Nordmøre (English: North-Møre) is a traditional district in the Norwegian county of Møre og Romsdal. The  area comprises the northern third of the county including the municipalities of Kristiansund, Averøy, Tingvoll, Surnadal, Aure, Halsa, Eide, Sunndal, Gjemnes, and Smøla.
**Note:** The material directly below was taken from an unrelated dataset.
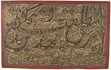 ![]() "Fârsi" escrito no alfabeto persa na caligrafia nastalique | |

The only town in Nordmøre is Kristiansund.

Of these ten municipalities, three are located (mainly) on islands: Kristiansund, Averøy, and Smøla and seven lie on the coast (including between, adjacent to, or at the end of, fjords): Tingvoll, Surnadal, Aure, Halsa, Eide, Sunndal, and Gjemnes; no municipalities are completely landlocked.  Historically, the municipality of Rindal was part of the county and region, but it was transferred to Trøndelag county on 1 January 2019.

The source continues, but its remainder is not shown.